ABTS: ABTS radical was prepared at 7 mM in phosphate buffer solution 0.1 M (PBS, pH 7.4, 0.15 M potassium chloride) then potassium persulfate was added 2.45 mM (final concentration). Radical was incubated for 12 to 16 h at room temperature in the dark. After this period, radical absorbance was adjusted to 0.7 ± 0.1 at 734 nm with PBS. Antioxidant activity was performed in a 96 well-microplate. Twelve µl of sample were mixed with 285 µl of adjusted ABTS radical, and the absorbance was measured every 30 s for 6 min at 734 nm. Inhibition percent was determined using Equation 2. Results were expressed as micromoles of Trolox equivalents per gram of dried matter (µmol TE g⁻¹ DM) (Moreno-Escamilla et al., 2015).

FRAP: FRAP reagent (2,4,6-trypyridil-s-triazine, TPTZ 0.3 M) was prepared in a acetate buffer solution (pH 3.6), hydrochloric acid (40 mM) and ferric chloride (20 mM) in a 10:1:1 ratio and heated at 37 °C for 30 min. twenty-five µl of sample mixed in a microplate well with 180 µl of FRAP reagent. Absorption was measured at 595 nm every 60 s for 30 min. Trolox was used as standard and results were expressed as micromoles of Trolox equivalents per gram of dried matter (µmol TE g⁻¹ DM) (Moreno-Escamilla et al., 2015).

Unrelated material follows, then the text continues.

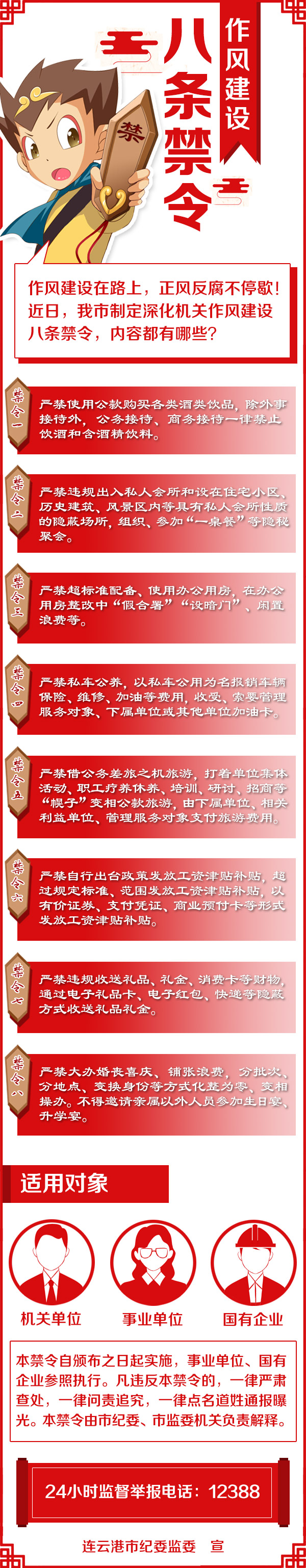 本禁令自頒布之日起實(shí)施,事業(yè)單位、國有企業(yè)參照?qǐng)?zhí)行。凡違反本禁令的,一律嚴(yán)肅查處,一律問責(zé)追究,一律點(diǎn)名道姓通報(bào)曝光。本禁令由市紀(jì)委、市監(jiān)委機(jī)關(guān)負(fù)責(zé)解釋。24小時(shí)監(jiān)督舉報(bào)電話:12388。
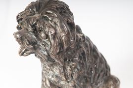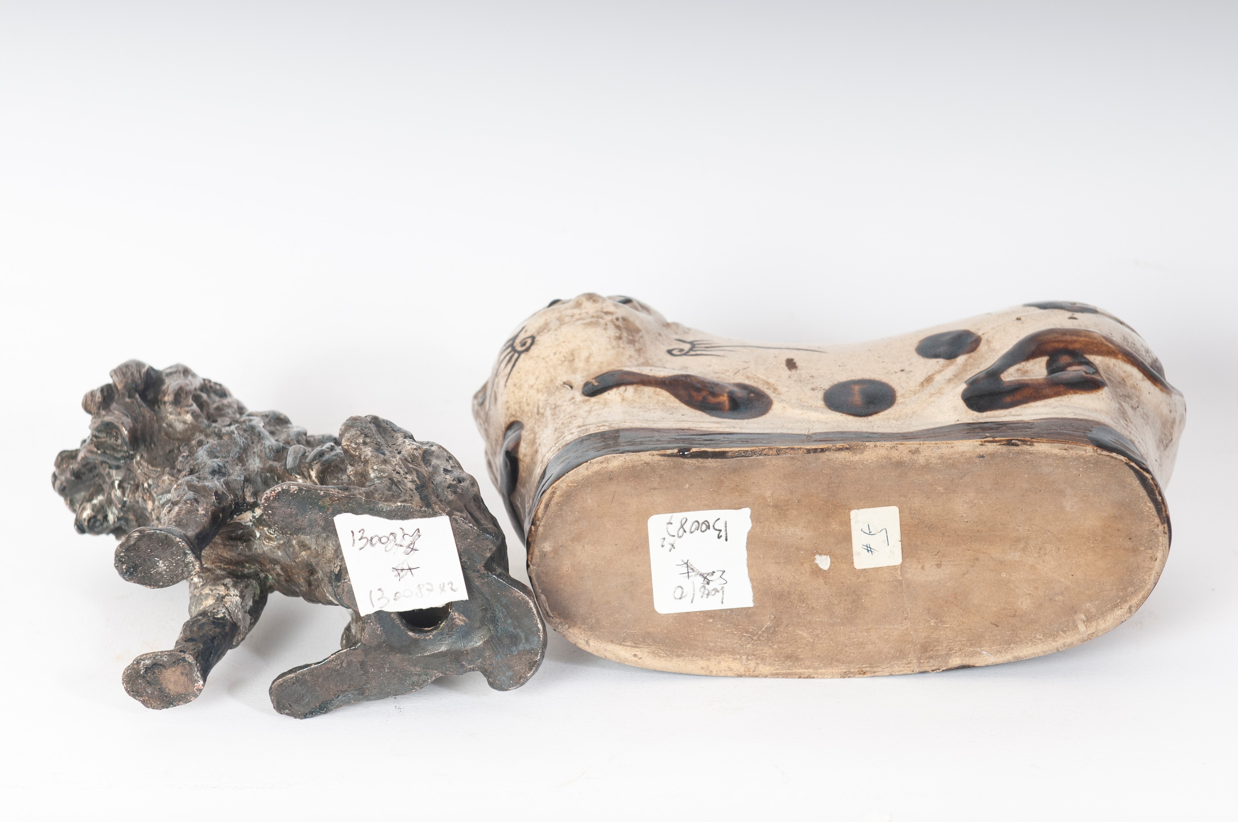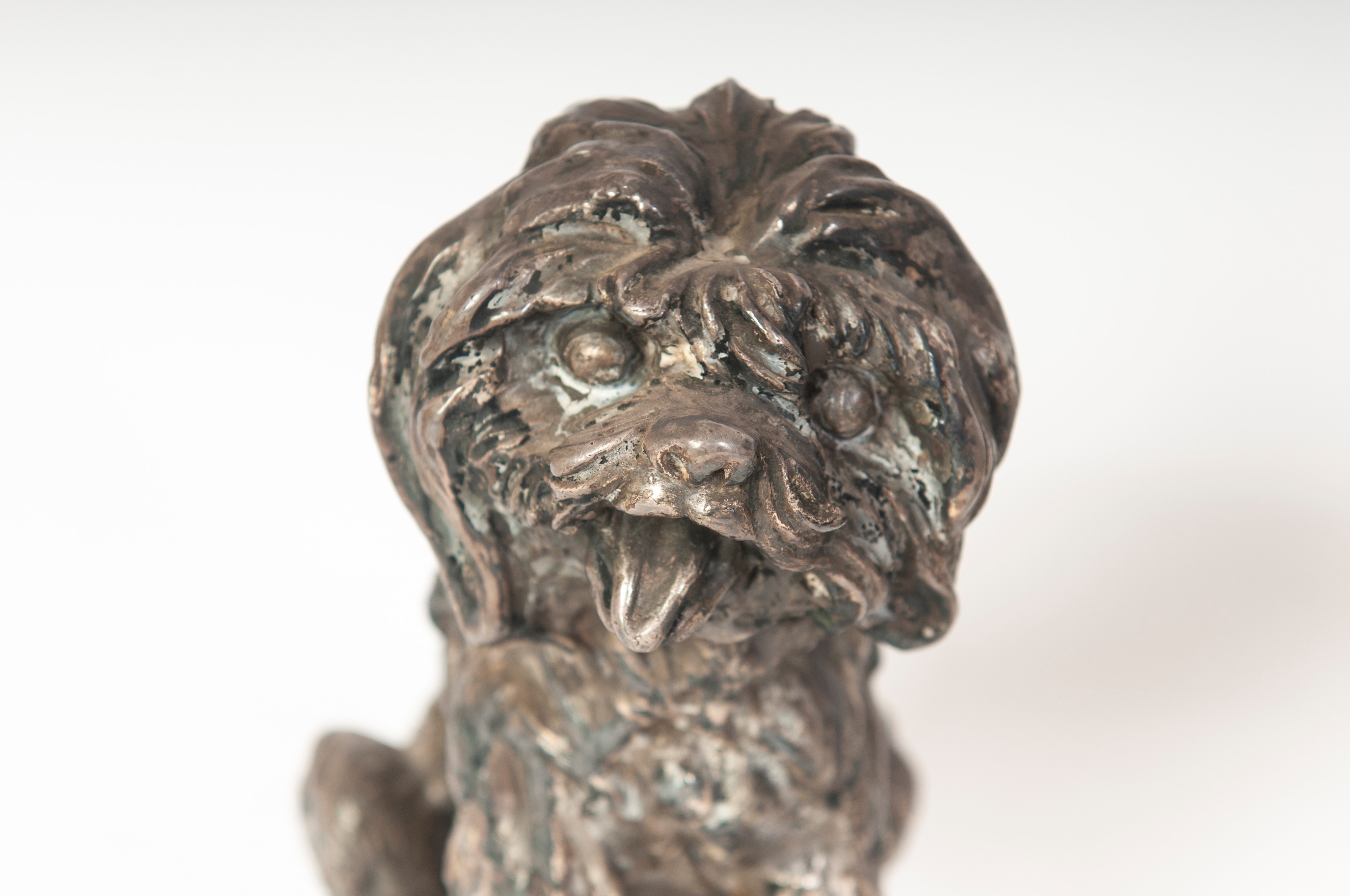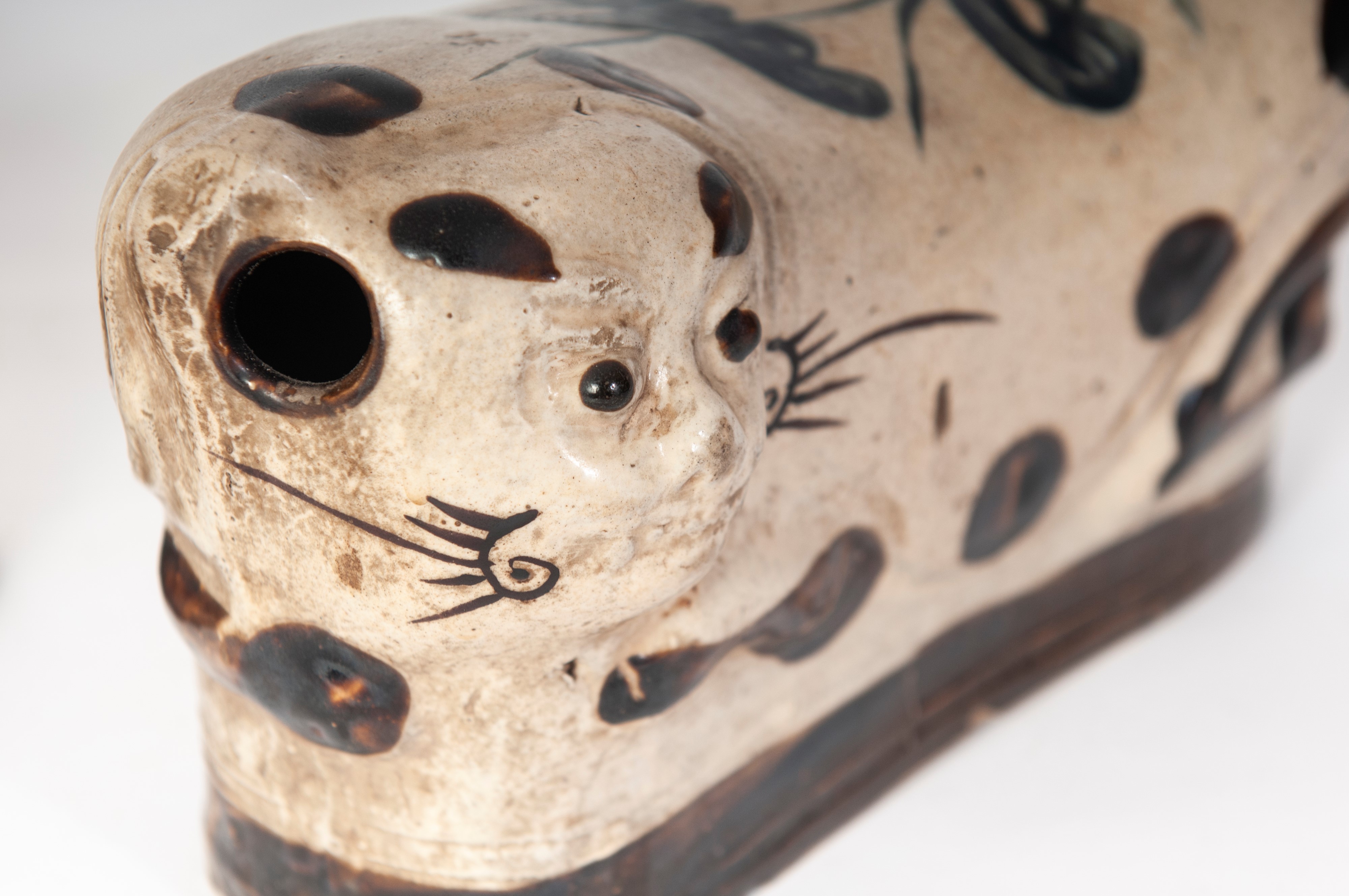 scalda mani in ceramica a forma di gatto color nocciola a taches marroni e cane in ceramica argentata.

All analyses were carried out by triplicate. Results are expressed as mean ± standard deviation. One-way analysis of variance (ANOVA) and Tukey analyses were performed in order to determine statistical differences (p < 0.05) between seeds origin and ripening stage. All data were analyzed using SPSS 21 statistical software (SPSS Inc. Headquarters, Chicago, IL, USA). Pearson correlation was performed using Prisma software at p < 0.05.

In order to evaluate the effect of seeds origin on the phytochemical characteristics of chiltepin hot pepper (Campsicum annuum var. Glabriusculum), seeds collected in two regions of Sonora were cultivated under controlled greenhouse conditions at the Universidad Autónoma de Ciudad Juárez greenhouse, and harvested at two commercial ripening stages: immarure (green) and mature (red), and their morphological and phytochemical characteristics evaluated.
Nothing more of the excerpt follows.